I would have rolled my eyes at me, though.
But He just watched me sit there thinking for a minute.
I asked Him again.
"We've already been through this whole thing how You won't give me an Aspiration.
So what HAVE you given me?"
Then you know what He said?
Laundry.I'm serious.
So. Serious.
Then He decided to be a little conversational.
He said
"You were right about My Will, insomuch as I want you to be at home as opposed to going to school or working full time. You got that part a long time ago, but it looks like you've been waiting for some Bigger And Better Will, though, and that's not happening. You need to remember that My Will is bigger and better than what you presently see. Accept it for what it is now, and we can move on to the next step when we get there."
I interrupted.
"But if I'm doing your will, why do I feel like I'm failing? Why do my days feel pointless? Why does it feel like a standstill?"
"Because," He replied, "You ARE standing still. You're where I told you to be, but you're not doing what I told you to do. Unless you're doing
what I tell you to do,
when and
where I tell you to do it, you're not really doing My Will, are you?"
"Oh. That makes a lot of sense." I said.
I didn't say that aloud, but if words in your mind can sound crestfallen, mine did.
Like a gently reprimanding father teaching his child to recognize his own mistakes, he questioned me again.
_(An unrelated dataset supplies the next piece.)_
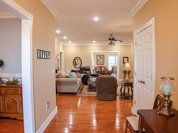 Beautiful 3 bed/2.5 bath, all brick, stately home for sale, located on a golf course in exclusive "Apache Heights" private neighborhood in Cadiz, KY, just minutes from Lake Barkley. This home was custom built by a renowned craftsman in 2005, and the beautiful finish work is shown from the exterior of the home to each individual room. Home boasts beautiful features such as ornate brickwork including standing soldiers and quoined corners, interior crown molding, wainscoting, and curved baseboards & trim, fine built-in shelving and cabinets in the living room around the gas fireplace (ventless). Yard has a buried water irrigation system throughout. Open concept design makes hosting large groups a charm. The large sunroom has french doors connecting to the living room. Home also has an open kitchen with an informal dining room with a high countertop between. The formal dining room is located adjacent to the kitchen and living room. Master suite boasts TWO large walk-in closets adjacent to the master bathroom. An office, study, or nursery room is located near the master suite. Hardwood floors run throughout the home, and tile in the bathrooms and washroom. Corian countertops in kitchen, stainless kitchen appliances including built-in double-oven and new dishwasher. Enjoy the large, 0.55 acre lot from the covered front porch or partially covered back patio! All kitchen appliances come with the home! (2 refrigerators (2nd located in wash room), NEW dishwasher, microwave, double-oven, & electric cooktop). All new LED lighting throughout the interior and exterior of the home. The gas furnace was replaced in 2016. "30 Year" shingled roof. A staircase runs to 600 sq feet of storage in the attic. Come and see this special opportunity! Please click on the Virtual Tour for more photos and an important message.

I felt like I was six years old again.
"And what is it that you have been given to do?"
"... housework...."
"Specifically."
"... I like cooking..."
"Stop dallying and just say it. You know what I'm talking about. I already told you to begin with."
"Laundry."
Then you know what He said?
He said "That's right. Whatever I have given you to do, do it. This is my will."
I have never before felt so enlightened, foolish, and disappointed all at once.
What a menial task.
"I figured out the problem. For real this time. Well actually -" I interrupted myself, "God showed me.
His will for me is to do the laundry."
Sweet words to my mother's ears.
When I say laundry, I mean it literally as well as broadly- encompassing all the little no-fun things that must be done to maintain order in a home brimful of people. I'm not exactly thrilled that this is God's will for me right now. But these are the things that need to be done Here, and I'm certain that Here is where He wants me.
I'm also certain that it's a step. You know those steps Everyone Else is climbing?
This is my step.
It just looks different from theirs. And one day I'll be on the next step. God's Will for Right Now won't be the same forever - The Present calls for menial labor. Maybe the Future will be a little shinier. Maybe.
This is where it becomes important for me to find my identity and worth in Christ and His Glory.
Let's face it - you're probably not going to be really impressed with me if we're all hanging out and you ask everyone what God has us doing right now.
Someone will probably say God has them on their way to Pensacola Christian College or something peachy like that.
Someone else will probably say God has them working a crazy stressful full time job.
Someone else might even be taking a little break from work or school to really "focus on God" and "find His will", which is dandy.
And then you know what I will say?
God has me at home doing my family's laundry and making killer chocolate cookies.
Maybe it's just me, but that sounds a lot less impressive. (except about the cookies. you should try one)
As a matter of fact, to some people it sounds downright lazy.
But nobody can say, "You're crazy. That is not God's will."
Because God already told me, "This is my will for you, love. It is enough."